7. Blind Willie McTell

September 19th, 1933: Blind Willie McTell recorded 12 songs for the Vocalian label in New York under the name Blind Willie. Two of the sides, “Lord Have Mercy, If You Please” and “Don’t You See How This World Made a Change” were recorded with his partner, Curley Weaver. McTell was also known to perform and record under the names, Blind Sammie, Georgia Bill, Hot Shot Willie, Barrelhouse Sammy, Pig & Whistle Red, Blind Doogie, Red Hot Willie Glaze, Red Hot Willie and Eddie McTier.

8. Curley Weaver

September 20th, 1962: Curley James Weaver, AKA Slim Gordon, died of uremia in Almon, Georgia at the age of 56. A Covington, Georgia native, Weaver grew up with childhood friends, “Barbecue Bob” Hicks and Charlie Hicks and started his first band with them and harmonica player Eddie Mapp in the early 1920s. Weaver is best known for his duets with Blind Willie McTell, Barbecue Bob and Buddy Moss. His last recordings were in 1949 and he lost his eyesight in the 1950s while working on the railroad. Weaver’s daughter, Cora Mae Bryant, carried on her father’s tradition as a Blues singer until her death in 2008.

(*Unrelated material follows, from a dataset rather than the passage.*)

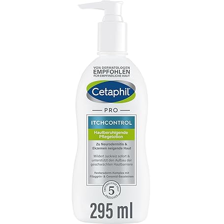 Thương hiệu Cetaphil là cái tên nổi tiếng được rất nhiều khách hàng trên thế giới chọn lựa. Với kiểu dáng đẹp mắt, sang trọng, sản phẩm Cetaphil PRO ItchControl Hautberuhigende Pflegelotion, 295ml, Für zu Neurodermitis & Ekzemen neigende Haut, Lindert juckende, gereizte Haut, Mit Sheabutter, Filaggrin- und Ceramid-Bausteinen  là sự lựa chọn hoàn hảo nếu bạn đang tìm mua một món  cho riêng mình.
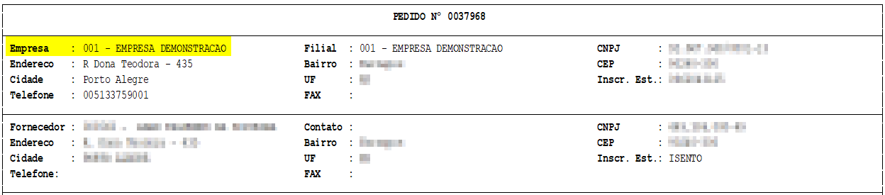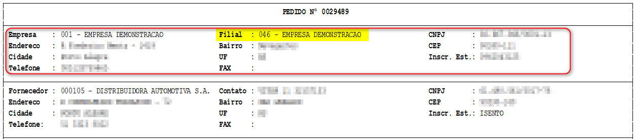 Imprimir cabeçalho só na 1ª página do pedido - Com a opção marcada o cabeçalho só é impresso na primeira página do pedido. Imprimir dados da filial - Com a opção marcada são apresentados os dados da empresa e filial do pedido, desmarcada, são apresentados os dados da empresa/filial matriz.

9. Mississippi Fred McDowell

September 21st, 1959: Mississippi Fred McDowell, a native of Tennessee who played Hill Country slide guitar with a pocket knife, rib bone and glass slide, was discovered and recorded by Alan Lomax and Shirley Collins. McDowell’s records became very popular and he went on to record and play with artists such as R. L. Burnside, Bonnie Raitt, Big Mama Thornton, Buddy Guy and John Lee Hooker. He also coached Raitt on slide guitar technique. His last album, Live in New York was recorded at The Gaslight Cafe in Greenwich Village in 1971. McDowell died of cancer in 1972 and was posthumously inducted in the Blues Hall of Fame in 1991.

10. Bo Carter

September 21st, 1964: Armenter “Bo Carter” Chatmon died of a cerebral hemorrhage at Shelby County Hospital, Memphis, Tennessee at the age of 71. Carter, along with his brothers Lonnie and Sam Chatmon and Walter Vinson made up The Mississippi Sheiks and Carter also managed the group. Carter became well known for his more bawdy songs including “Let Me Roll Your Lemon”, “Your Biscuits Are Big Enough for Me”, “Please Warm My Wiener” and “My Pencil Won’t Write No More”. He went partially blind in the 1930s but continued to perform occasionally until moving to Memphis in the 1940s and working outside the music industry. His most famous song, “Corrine, Corrina”, which he wrote and recorded in 1928 went on to become a big hit for Big Joe Turner in 1956. It was also recorded by artists such as Charlie Patton, “Half Pint” Jaxon, Jerry Lee Lewis, Bill Haley and His Comets, Rod Stewart, Boz Scaggs and Eric Clapton.